Input for this task –
Segment Open

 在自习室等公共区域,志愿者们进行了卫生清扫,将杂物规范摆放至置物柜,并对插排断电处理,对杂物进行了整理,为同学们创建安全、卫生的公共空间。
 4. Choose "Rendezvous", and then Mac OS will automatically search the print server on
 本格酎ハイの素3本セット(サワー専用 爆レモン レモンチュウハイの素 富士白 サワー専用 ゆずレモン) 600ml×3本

Segment Closed
Segment Open

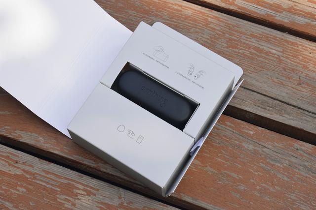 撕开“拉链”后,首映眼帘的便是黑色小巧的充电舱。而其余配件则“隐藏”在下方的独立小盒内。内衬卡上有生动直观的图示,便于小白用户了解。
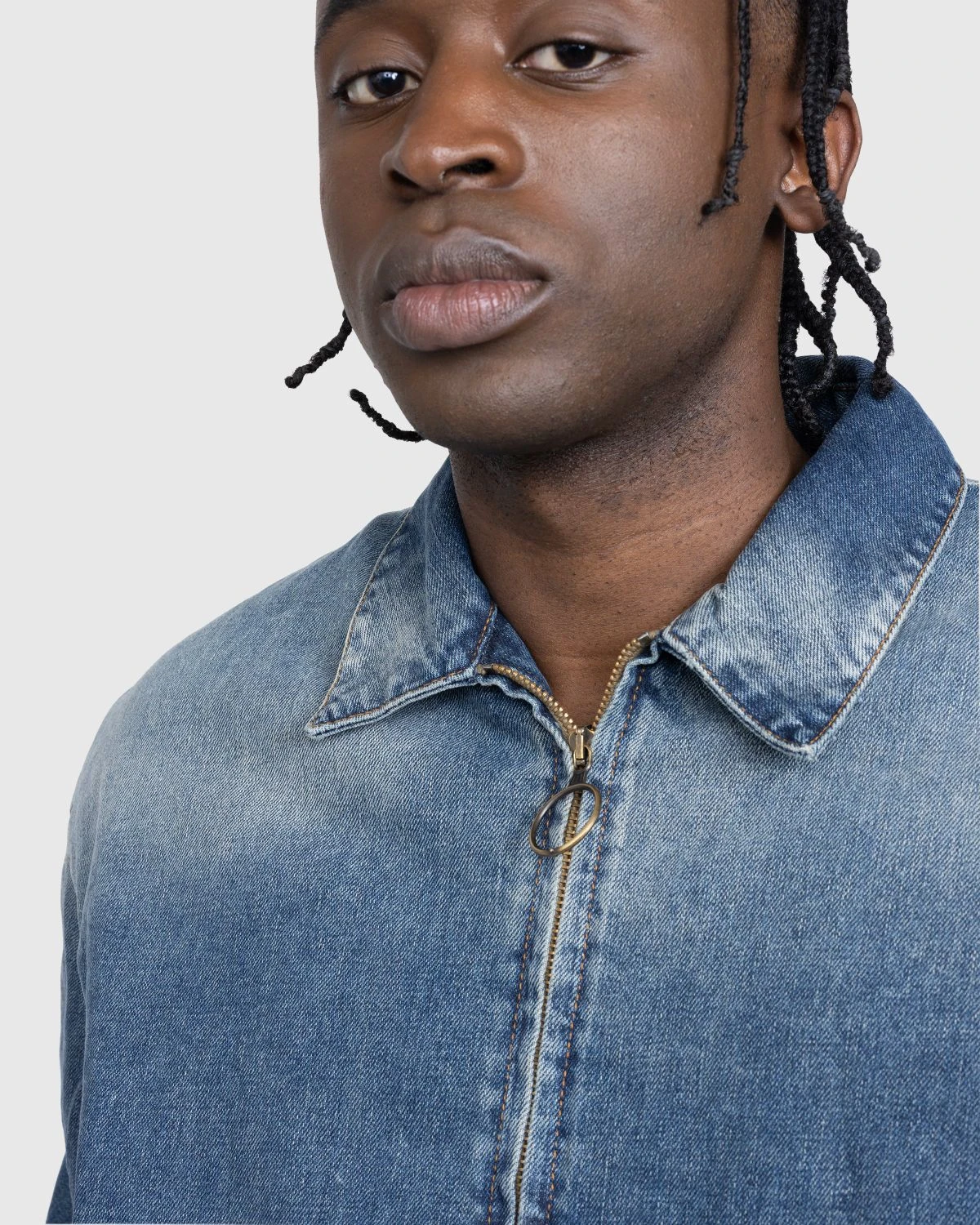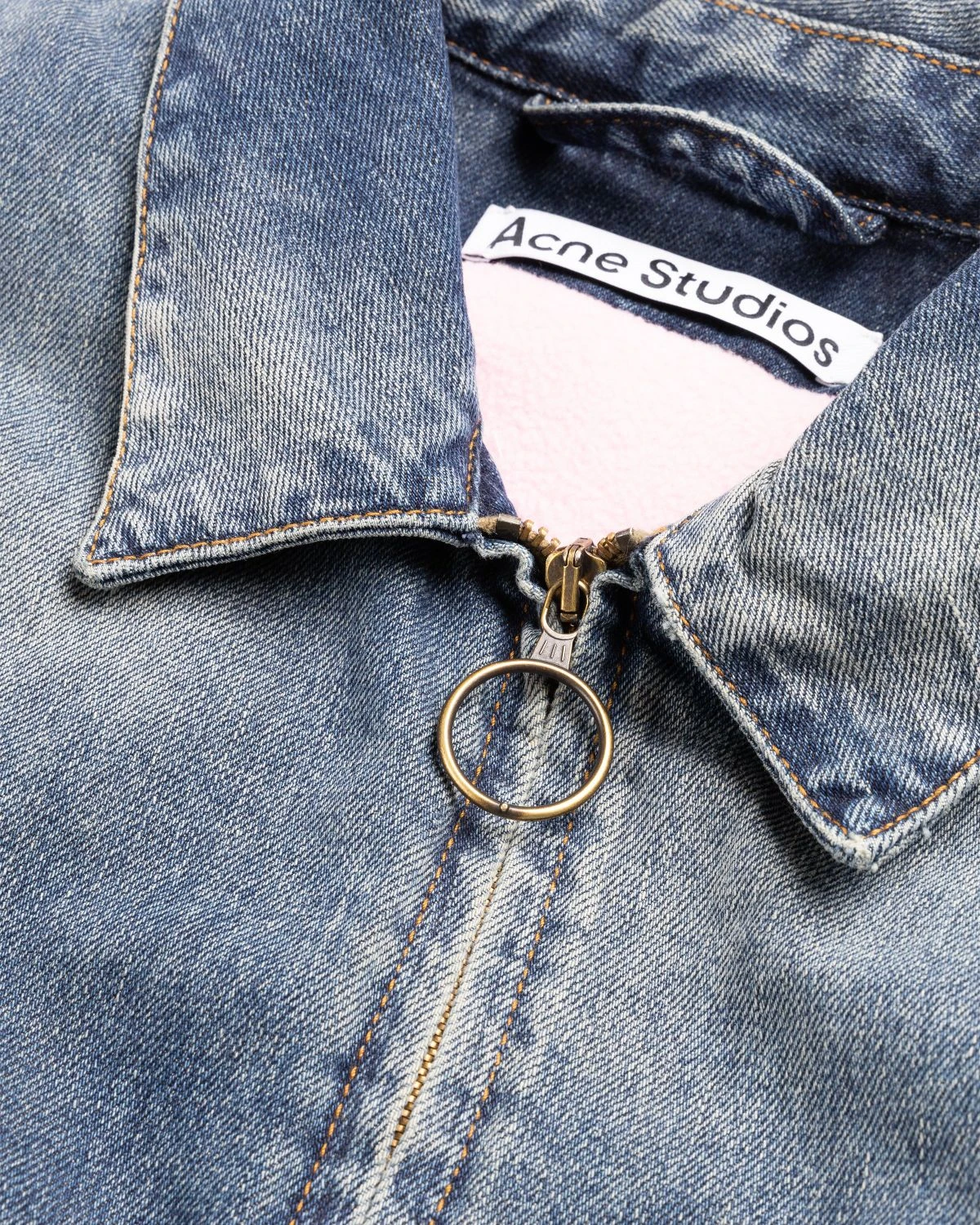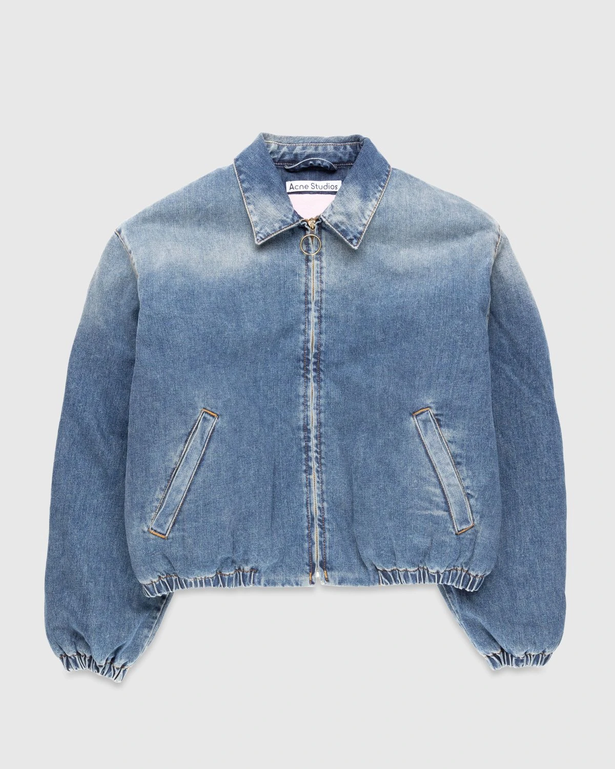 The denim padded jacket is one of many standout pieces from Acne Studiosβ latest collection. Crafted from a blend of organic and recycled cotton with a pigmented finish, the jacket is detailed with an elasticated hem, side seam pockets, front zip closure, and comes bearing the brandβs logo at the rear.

Segment Closed

To do –
Would you please copy, word for word, everything above from the line containing "print server on" down to the line containing "本格酎ハイの素3本セット(サワー専用 爆レモン レモンチュウハイの素", those two lines included?

Solution to this problem –
 4. Choose "Rendezvous", and then Mac OS will automatically search the print server on
 本格酎ハイの素3本セット(サワー専用 爆レモン レモンチュウハイの素 富士白 サワー専用 ゆずレモン) 600ml×3本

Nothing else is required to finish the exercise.